We've been looking at donors, and I've been in contact with my nurse at CCRM quite a bit the past week. I may have more news on that process next week...
First, we really have to get through this miscarriage. For whatever reason fate decided to put this pregnancy in my path at this particular time...I may never know. Is it to prove I'm strong enough to handle anything? To be resilient to whatever challenges I face? Is it to make sure I won't break? I'd love to know the answer to those questions. Haven't I proved all of those things these past 2 and a half years? Haven't I already been dealt a pretty shit hand? I've rebounded from everything life has dealt me and I still move forward.
But at what cost?
I can barely handle being around my super fertile friends and even family members. Not because I'm angry at them for so easily having what my body can't seem to achieve, though it may seem that way from others point of view. I'm just sad...for me. It's hard for me to really be present in their lives because it hurts so much. This is the only way I can protect my heart...what's left to protect of it anyway.
I can't have children. That's something that has gone through my mind a lot recently. That simple statement. I can't have a child.
That doesn't mean I can't have a child through extraordinary means. I certainly HOPE that's not the case. I hope with all that I have left in me that donor eggs is our answer. But this miscarriage has broken just a tiny bit of my soul. I've fully come to terms that my eggs are bad, that apparently at the ripe old age of 36. I've waited too long.

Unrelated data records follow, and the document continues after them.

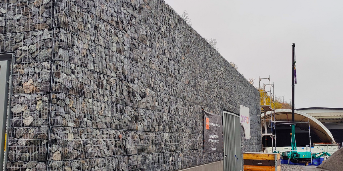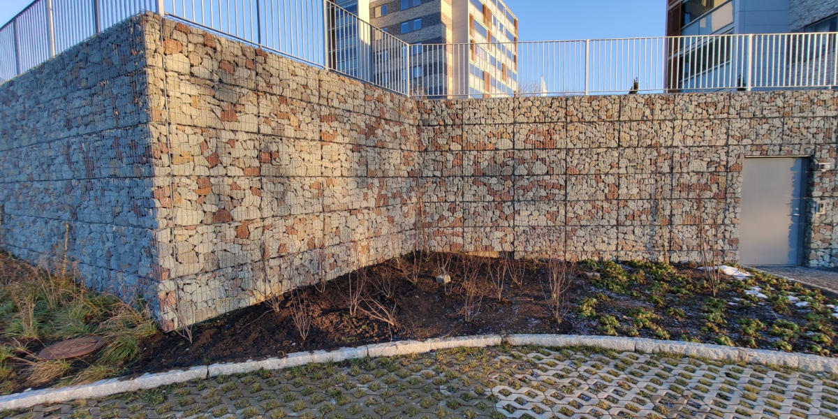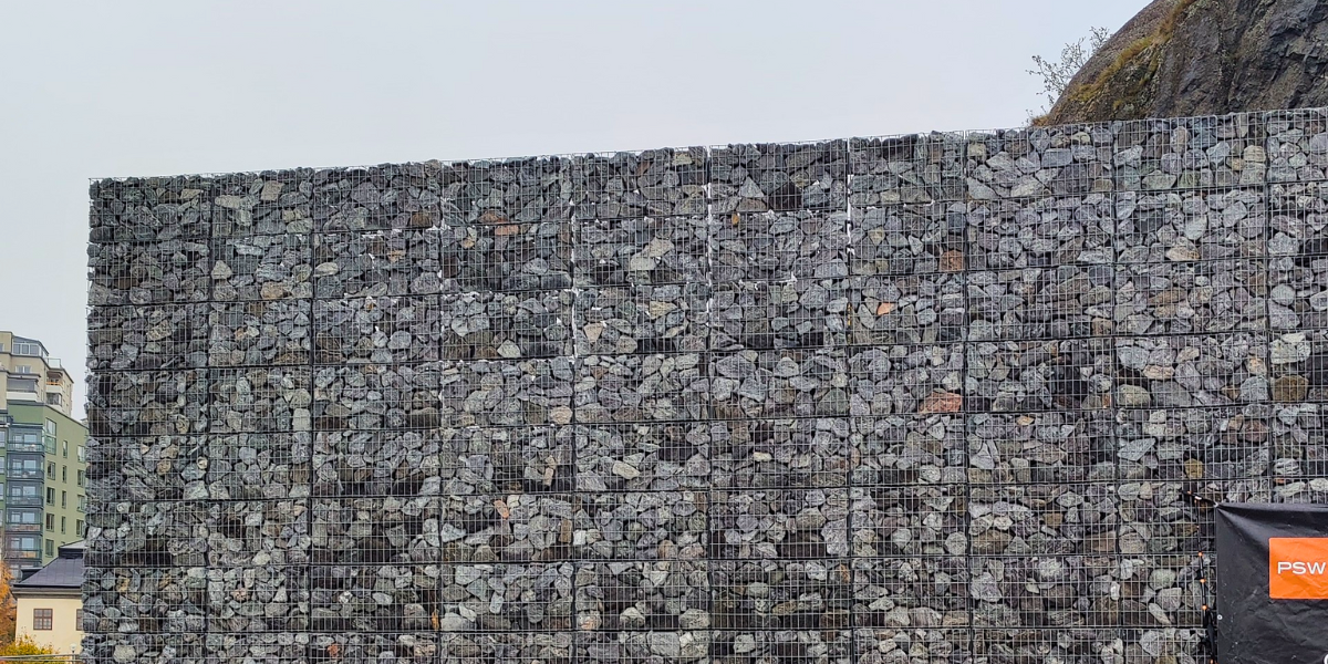 Gabionkorgarna levereras som färdigmonterade enheter och fylls med natursten på plats. Resultatet är ett stabilt men flexibelt system som kan användas både i nya konstruktioner och vid renovering av befintliga betongväggar.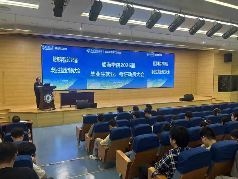 大会伊始,巫蓉副书记围绕当前考研状况与就业形势展开深度分析。她结合全国及江苏省考研报考人数变化、录取率趋势,以及船舶与海洋工程领域的行业发展动态,用详实的数据为同学们勾勒出清晰的竞争图景。同时,巫蓉副书记分享了往届优秀毕业生考研成功上岸、优质就业的多项典型案例,既有跨校考取知名高校船舶专业研究生的奋斗故事,也有进入中船集团、中远海运等行业龙头企业的就业范例。这些鲜活的案例不仅让同学们直观感受到行业机遇,更有效缓解了大家的焦虑情绪,坚定了冲刺考研、积极就业的信心。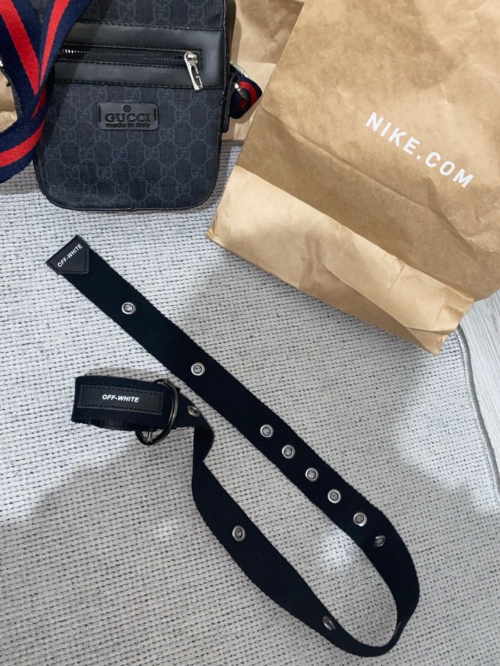 Metal halkalı siyah deri kemer, minimalist sokak stili ve rock punk havası sunar. Off-White markalıdır. UNİSEX

I often wonder if my friends, family and even my husband see the woman I'm becoming. If they see me in the way that I feel. Bitter and broken. If they do, how can they possibly see me in the same light as they once did? I can't imagine that my husband thinks I'm that fun-loving, always smiling girl that he's spent the last 12 years with. There's not doubt that this has all changed me. On some levels...maybe for good. Maybe I'll appreciate motherhood in ways that women that have not gone through infertility cannot. Maybe I will be a stronger woman because of all this. But what if I don't become a mother?? Then what? Do I just become this empty shell of a person I used to be? Before infertility.
I'm so sorry for my sorrowful post today. I was so excited a few days ago about what was to come...and maybe still will...but I face a road still marked with challenges.
My beta went back up to 104 yesterday. I need a D&C. Unfortunately, you can't see anything in my uterus or tubes at this point because my levels never progressed past 110. They don't believe it's ectopic because my pain has subsided substantially since last weekend. He also wants to do a D&C, because he knows that I don't want the dreaded methotrexate unless it's absolutely necessary. That would set me back 3 months...at least. Knowing CCRM...they would make me wait longer. Whatever it is...something is hanging on in my body and producing hCG. I can only hope that this is all that is needed to resolve this. So I can really move forward. My biggest fear is obviously the thought of scar tissue and damage. This will be my third D&C in less than two years.
Right now I just feel this ever present, refusing to leave reminder of what could have been. I feel like fate is laughing at me right now.
I hope that next week brings a happier post. One that this is all behind me. One that brings new hope and exciting news. I'm hesitant even to say that at this point...I certainly don't want to jinx anything else.
For now...I'm going to continue on and get through this as I have everything else that infertility has thrown at me and even as tears stream down my face, continue to be "fine".